巨大的果蝇原钙粘蛋白 Fat 和 Dachsous (Ds) 形成异嗜性双向信号对 通过生长抑制 Hippo 途径和平面细胞极性 (PCP) 调节增殖 并且独立于“核心”PCP 途径。这些功能是其哺乳动物同源物所共有的，并且 Fat 和 Ds 同源物的人类突变导致 Hennekam 和 Ds 的神经系统和多系统缺陷 范马尔德赫姆综合征。尽管它很重要，但人们对脂肪和脂肪之间的结合方式知之甚少。 Ds 改变细胞行为，从而改变其调节发育和病理的方式。 Fat、Ds 以及 Hippo 和 PCP 途径的效应子集中在 上皮细胞和脂肪的细胞内结构域（ICD）对两种细胞的根尖下水平有强烈影响 关键蛋白质。第一个是支架肌球蛋白 Dachs，它结合并抑制疣 (Lats1/2)，最后一个是 Hippo 通路中的效应激酶，在核心 PCP 通路中调节 Sple。第二个是 FERM 支架蛋白 Expanded，可刺激疣活动。 通过结合蛋白质结合筛选、生物化学和分子遗传学，我们建立了一种联系 从 Fat ICD 到 Dachs，并通过 DHHC 棕榈酰转移酶扩展水平和定位 近似的目标之一是 SH3 结构域蛋白 Dlish。
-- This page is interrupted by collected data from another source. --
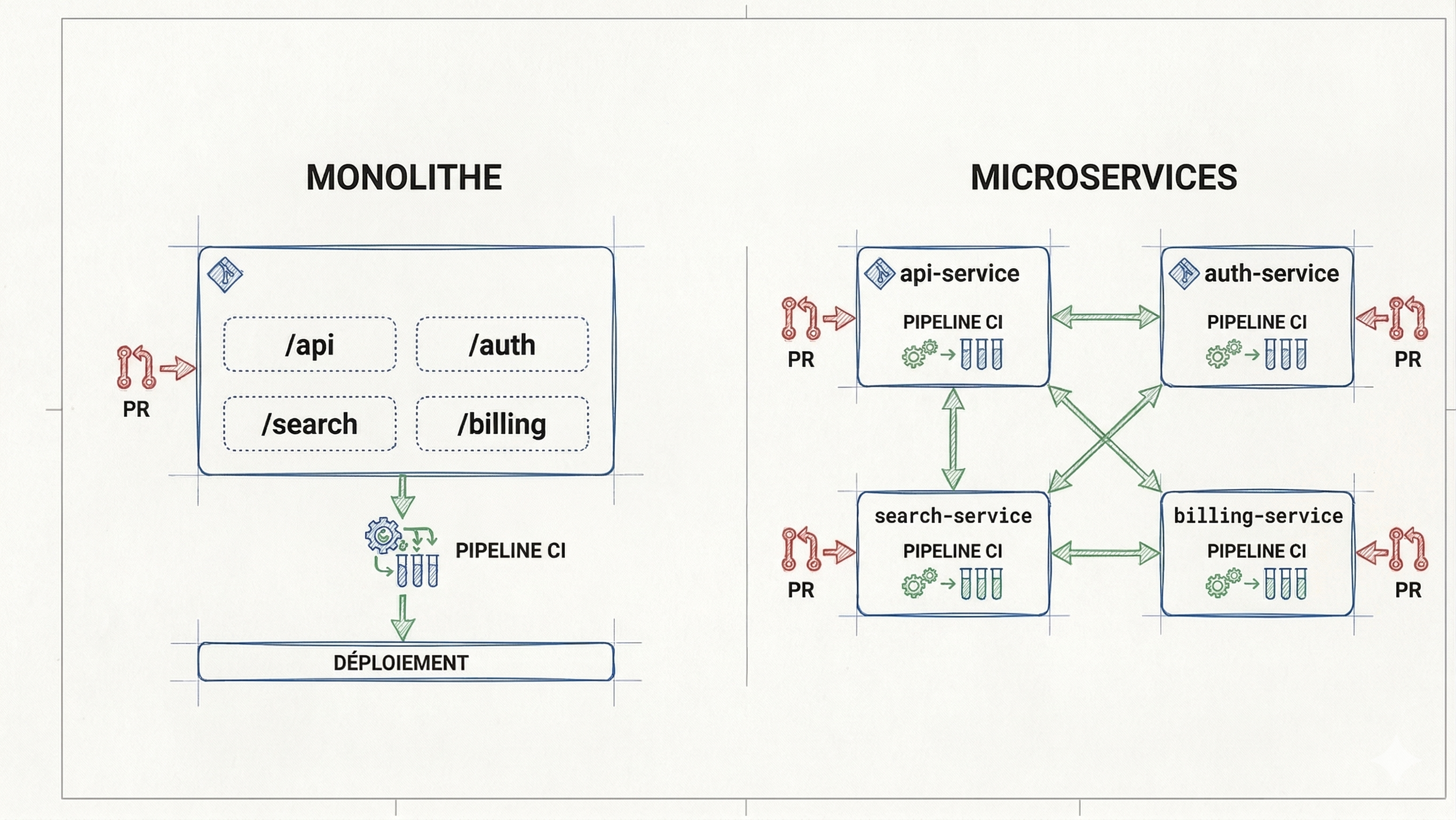Une manière concrète de penser cette distinction est en termes de dépôts git. Un monolithe vit typiquement dans un seul dépôt (un monorepo) : tout le code, tous les tests, toute la configuration dans un même endroit. Quand on passe aux microservices, chaque service a généralement son propre dépôt, avec son propre historique, ses propres pipelines de CI, et ses propres cycles de déploiement. Cette séparation est à la fois un avantage (chaque équipe est autonome sur son dépôt) et un coût (coordonner un changement qui touche plusieurs services signifie ouvrir des pull requests dans plusieurs dépôts). Certaines grandes entreprises, comme Google et Meta, font le choix inverse : un monorepo géant qui contient tout le code de l’entreprise, avec des outils spécialisés pour gérer l’échelle. Il n’y a pas de réponse universelle, mais penser en termes de dépôts aide à rendre la distinction monolithe/microservices plus tangible.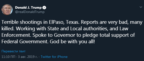 Об инциденте в своем Twitter написал президент США Дональд Трамп. "Страшные перестрелки в Эль-Пасо, штат Техас. Отчеты очень плохие, многие убиты. Работаем с государственными и местными органами власти и правоохранительными органами. Говорил с губернатором о полной поддержке федерального правительства. Бог со всеми вами", - написал президент.
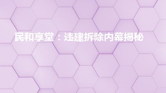 摘要:本文介绍了民和享堂违建拆除的内幕揭秘,从拆除行业专家的角度,对违建拆除从多个方面进行了深入的阐述,包括现场施工情况、拆除技术、污染治理、环保施工等方面,提供了专业、详尽的解析,旨在揭露违建拆除的...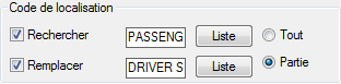 Sélectionnez Remplacer, puis entrez SIEGE CONDUCTEUR dans la zone de texte.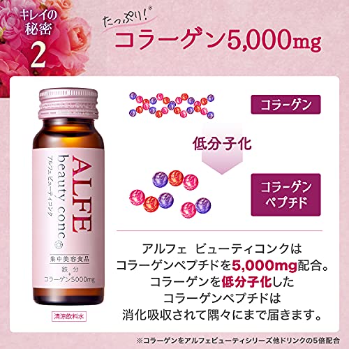 Fokuserar på järn och kollagen, samt fyra skönhetsingredienser i en enda flaska. Intensiv skönhetsnäring för dig som vill stråla. Alphe Beauty Conk är en intensiv skönhetsnäring som använder teknologi från den medicinska serien. Den kombinerar järn och kollagen och koncentrerar även elastin, hyaluronsyra, vitamin B2 och vitamin B6, ingredienser som stödjer skönhet, i en enda flaska. Kollagenet är ett exklusivt 5000 mg lågmolekylärt, högkvalitativt kollagen.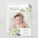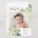 Un beau faire-part de naissance comportant deux photos accentuées par une conception florale d'aquarelle peinte à la main, des accents de parties scintillantes d'or de faux et "sentant" le texte béni. Customisez en ajoutant la stat de naissance, le nom, etc. à la mode et chic pourtant simple et le classique - le faire-part parfait pour votre bébé précieux.

然而，近似必须有 该途径中的其他目标，以及 Approximim 和 Dlish 监管的细节知之甚少。 在本提案中，我们概述了确定新近似目标特征的计划，包括扩展本身， 并进一步计划分析近似活动和目标识别的调节，首先通过 修改 Approximated 及其目标，然后通过之前未表征的 GOLGA7 类 接头蛋白CG5447。 Fat 和 Ds 还具有显着的能力，即通过它们自己的逐个细胞沿上皮平面极化细胞。 细胞极化到相对的细胞面。我们已经启动了细胞内控制和扩增的研究 脂肪/Ds 极化。我们探索了细胞内通路成分在以前未曾怀疑过的作用 调节脂肪和 Ds 水平和极化，包括酪蛋白激酶 1 Dco、泛素连接酶 Slimb、 肌球蛋白 Dachs 和脂肪本身的细胞内结构域。